Task for the records below: please retype exactly and only the lines from the first through the one with "This canvas art", with every picture omitted.

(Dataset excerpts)
▼
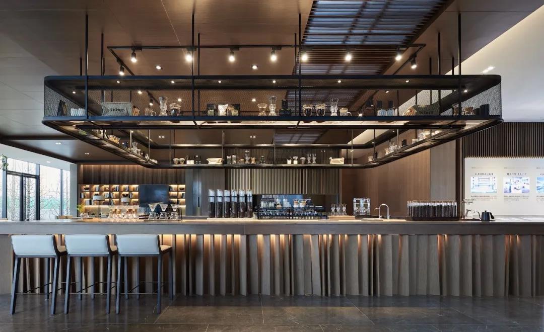 水吧區是整個一層的核心。取法自然,就地取材,天人合一,與土地為善,懷著環保、自然、低碳的材質宗旨,通過取景于自然,運用自然中常見的元素(枯枝、綠植、實木、石材)來建造極具自然雅致的空間。
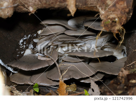湿った暗い林内の倒木全体から発育する天然野生のヒラタケたち(ストロボマクロ接写)
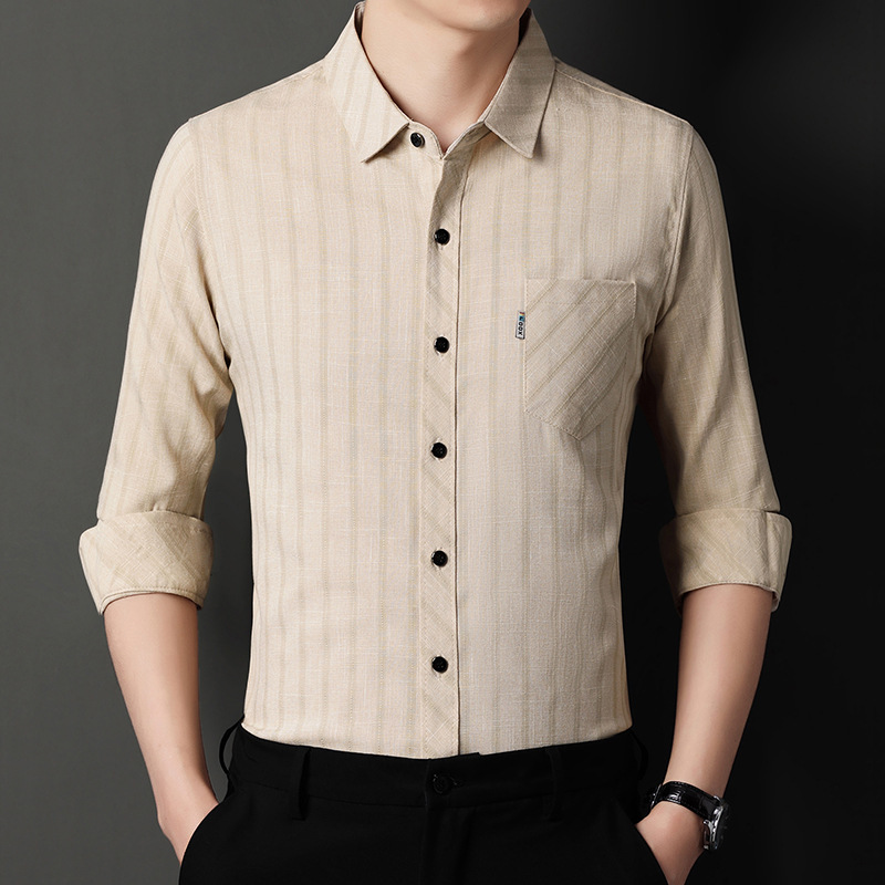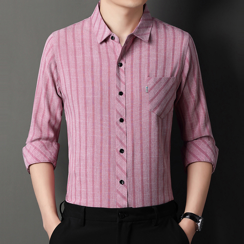 2022春秋季男士条纹真口袋薄款仿棉麻长袖衬衣中青年休闲男装衬衫
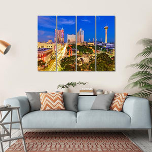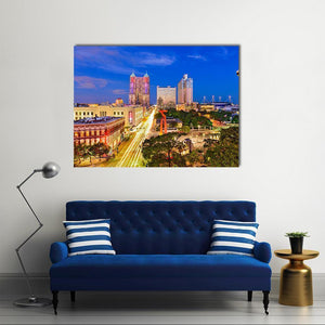 This canvas art captures the vibrant skyline of San Antonio, showcasing tall buildings illuminated against a backdrop of energetic colors. Perfect for adding a touch of urban flair to any room.
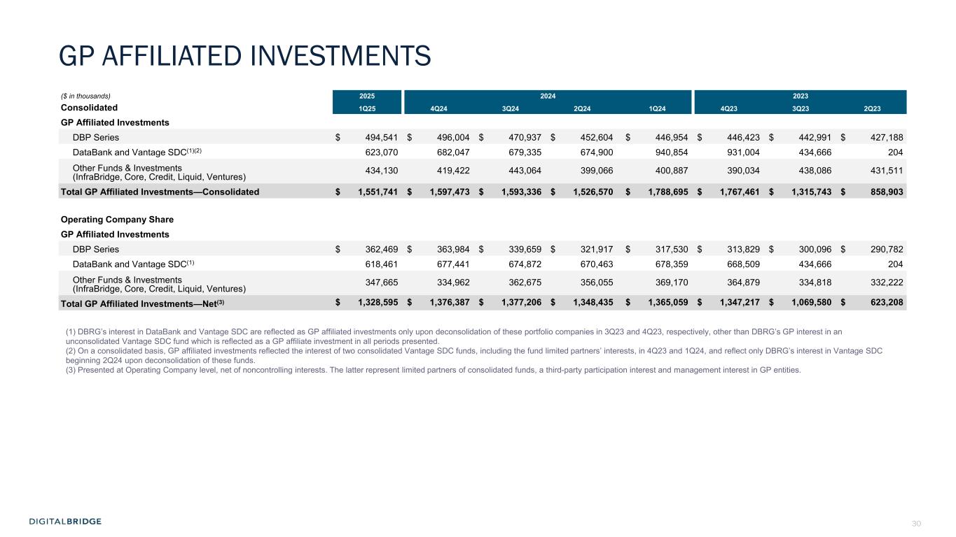 30 ($ in thousands) 2025 2024 2023 Consolidated 1Q25 4Q24 3Q24 2Q24 1Q24 4Q23 3Q23 2Q23 GP Affiliated Investments DBP Series $ 494,541 $ 496,004 $ 470,937 $ 452,604 $ 446,954 $ 446,423 $ 442,991 $ 427,188 DataBank and Vantage SDC(1)(2) 623,070 682,047 679,335 674,900 940,854 931,004 434,666 204 Other Funds & Investments (InfraBridge, Core, Credit, Liquid, Ventures) 434,130 419,422 443,064 399,066 400,887 390,034 438,086 431,511 Total GP Affiliated Investments—Consolidated $ 1,551,741 $ 1,597,473 $ 1,593,336 $ 1,526,570 $ 1,788,695 $ 1,767,461 $ 1,315,743 $ 858,903 Operating Company Share GP Affiliated Investments DBP Series $ 362,469 $ 363,984 $ 339,659 $ 321,917 $ 317,530 $ 313,829 $ 300,096 $ 290,782 DataBank and Vantage SDC(1) 618,461 677,441 674,872 670,463 678,359 668,509 434,666 204 Other Funds & Investments (InfraBridge, Core, Credit, Liquid, Ventures) 347,665 334,962 362,675 356,055 369,170 364,879 334,818 332,222 Total GP Affiliated Investments—Net(3) $ 1,328,595 $ 1,376,387 $ 1,377,206 $ 1,348,435 $ 1,365,059 $ 1,347,217 $ 1,069,580 $ 623,208 GP AFFILIATED INVESTMENTS (1) DBRG’s interest in DataBank and Vantage SDC are reflected as GP affiliated investments only upon deconsolidation of these portfolio companies in 3Q23 and 4Q23, respectively, other than DBRG’s GP interest in an unconsolidated Vantage SDC fund which is reflected as a GP affiliate investment in all periods presented. (2) On a consolidated basis, GP affiliated investments reflected the interest of two consolidated Vantage SDC funds, including the fund limited partners’ interests, in 4Q23 and 1Q24, and reflect only DBRG’s interest in Vantage SDC beginning 2Q24 upon deconsolidation of these funds. (3) Presented at Operating Company level, net of noncontrolling interests. The latter represent limited partners of consolidated funds, a third-party participation interest and management interest in GP entities.
▲
▸ Exercise answer:
 水吧區是整個一層的核心。取法自然,就地取材,天人合一,與土地為善,懷著環保、自然、低碳的材質宗旨,通過取景于自然,運用自然中常見的元素(枯枝、綠植、實木、石材)來建造極具自然雅致的空間。
湿った暗い林内の倒木全体から発育する天然野生のヒラタケたち(ストロボマクロ接写)
 2022春秋季男士条纹真口袋薄款仿棉麻长袖衬衣中青年休闲男装衬衫
 This canvas art captures the vibrant skyline of San Antonio, showcasing tall buildings illuminated against a backdrop of energetic colors. Perfect for adding a touch of urban flair to any room.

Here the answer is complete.